Even more intriguing, several authors who have observed these species in the field or at arboreta sometimes mention offset flowering times. Viburnums typically flower once a year for only ten to fourteen days, and flowering time is often very synchronized within species (Donoghue, 1983). Rehder, in 1920, wrote that Viburnum prunifolium flowers about a week before V. lentago, and Rader, in 1976, noted that V. prunifolium flowered about two weeks before V. rufidulum. My doctoral advisor Michael Donoghue observed this same pattern, where V. prunifolium flowers about a week ahead of the other two species, while he was conducting his own dissertation research at the Arnold Arboretum (Donoghue, 1980). To investigate whether flowering time varies between the species in wild populations, I drove through Ohio, Indiana, and Kentucky in the early spring of 2015. In this region, V. prunifolium was very common and V. rufidulum less so, but over the course of a week, I found multiple populations of each species and consistently found V. prunifolium in full flower while V. rufidulum had green buds.
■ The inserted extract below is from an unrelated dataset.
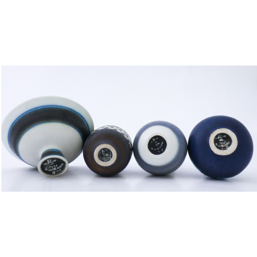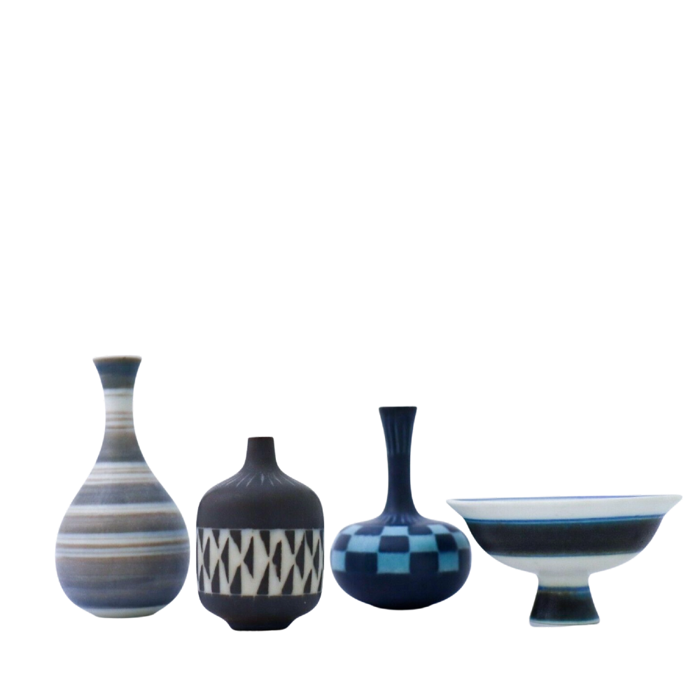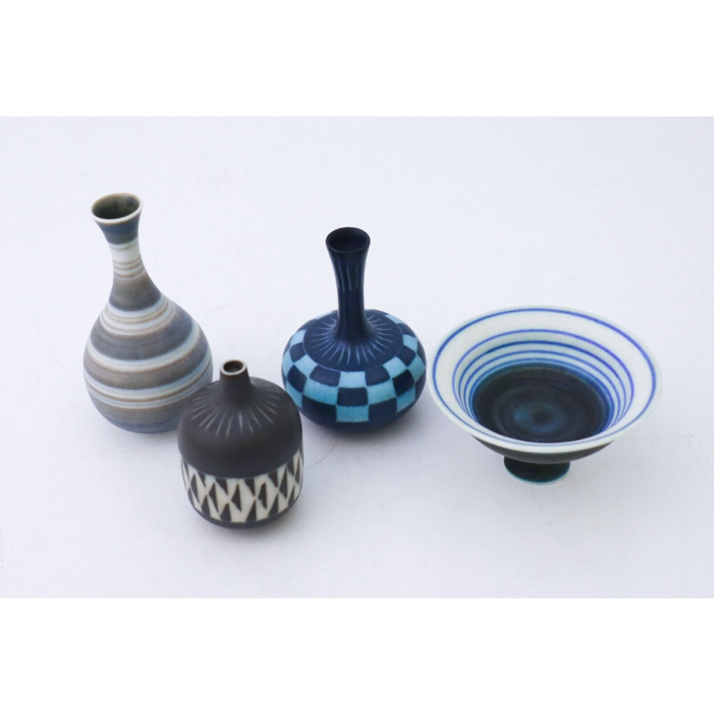 A group of three vases and one bowl with a lovely pattern designed by Gunnar Nylund at Rörstrand, the vases are between 6.5 – 9 cm (2,6″ – 3.6″) and the bowl is 8 cm (3.2″) in diameter. They are all first quality except from the blue vase with squared decor that is 2nd quality. They are in excellent condition.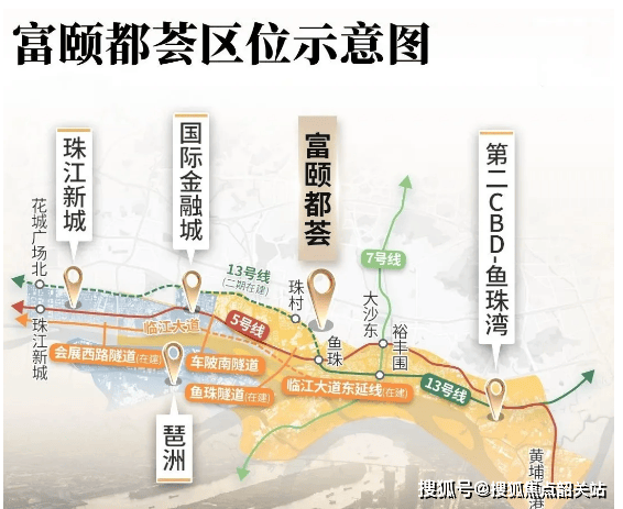 富力南驰・富颐都荟地处 “珠 - 金 - 琶 - 鱼” 珠江黄金 8 公里范围内,位于广州第二 CBD 核心地段,周边由国际金融城、临港经济区、琶洲形成黄金三角区,发展前景广阔。第二 CBD 占地面积达 59 平方公里,相当于 10 个珠江新城,未来将成为广州新的经济增长极,项目作为区域内少有的全配套大盘,将优先享受板块发展红利。

Anecdotal evidence from single locations (even wild populations) is helpful but not all that convincing because each of these species occurs across a large geographic area, and each year populations experience a variety of climate conditions. To try to understand patterns of flowering time, I used herbarium specimens, which were excellent because the species are relatively common and have been collected hundreds of times from across their ranges. Even more importantly, most specimens are reproductive, meaning they have flowers or fruits, so we found plenty of suitable material, representing a large number of years. With the help of Caroline Schlutius, an undergraduate researcher, I found 1,379 flowering specimens that spanned the range of each of the species.
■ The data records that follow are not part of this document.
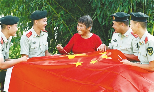 圖⑧ 9月29日,武警安徽總隊合肥支隊十七中隊邀請駐地“兵媽媽”張益蘭到軍營,與官兵一起繡國旗、唱國歌,迎國慶。徐偉 攝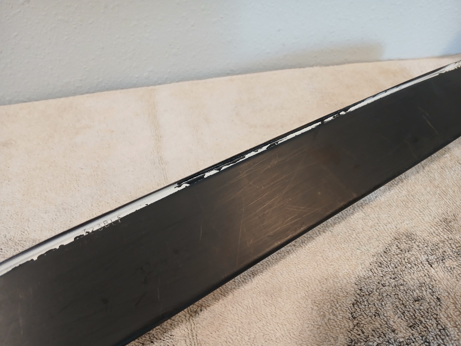 Metal door visor for the driver (Left side) door. Black. Underside is green from overspray. The visor is slightly bent from how it had been sitting in storage, but it can be straightened. Some surface scuffs/scratches. Please review all images carefully for condition. Sold as is.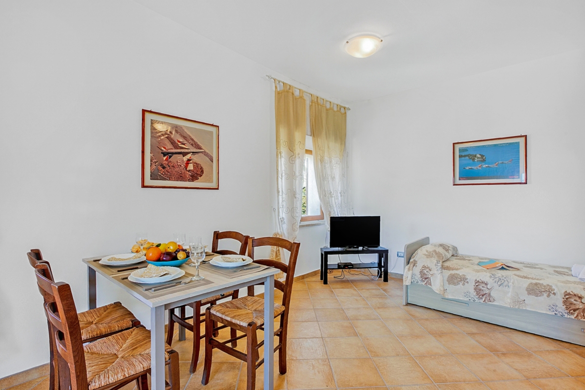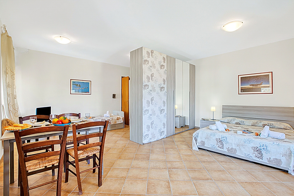 Welcome to Residence Argentiera VM 4, a serene studio apartment set in the unique landscape of Miniera dell’Argentiera, one of Sardinia’s most atmospheric and peaceful coastal areas. Located on the second floor of a quiet residence surrounded by greenery, this thoughtfully arranged studio comfortably accommodates up to four guests, making it ideal for couples or small families seeking rest and simplicity in nature.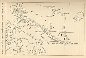 ![]() Payer Peak in a map of Greenland by George Frederick Wright (1838–1921). |

By examining these specimens, we found clear geographic patterns in flowering time and consistent differences in flowering between species. First, we found that within each species, southern populations in warmer climates flowered earlier than northern populations in colder climates. More surprisingly, we found small but consistent differences in flowering time that remained remarkably constant across the regions where species co-occurred. In any given location, a nine- to ten-day difference in flowering time occurs between species, with a sequence that matches previous observations—Viburnum prunifolium flowers before V. lentago and V. rufidulum. Because viburnums only flower for ten to fourteen days total, this small offset can dramatically decrease the opportunities for pollen transfer among plants. To be clear, these findings do not suggest that all of the individuals will flower in sequence every year in every location, only that in any given place for a particular year, the majority of individuals of one species will flower ahead of the majority of individuals of the other.
Hidden in Plain Sight
A second major focus of my work on the Lentago clade was the Viburnum nudum species complex. For the V. nudum complex, I wanted to sort out how many species there are, where they occur, and whether any traits consistently differentiate the species. In my first year collecting viburnums, I started in Florida and drove north. I was specifically targeting the V. nudum species complex, but it was very hard to find. I was surprised because viburnums are easy to find in New England, and I had expected to encounter populations driving down sideroads or in the state parks where I had permits to collect. This was not the case, and for future trips, I researched locations extensively using herbarium specimens and talking with local botanists.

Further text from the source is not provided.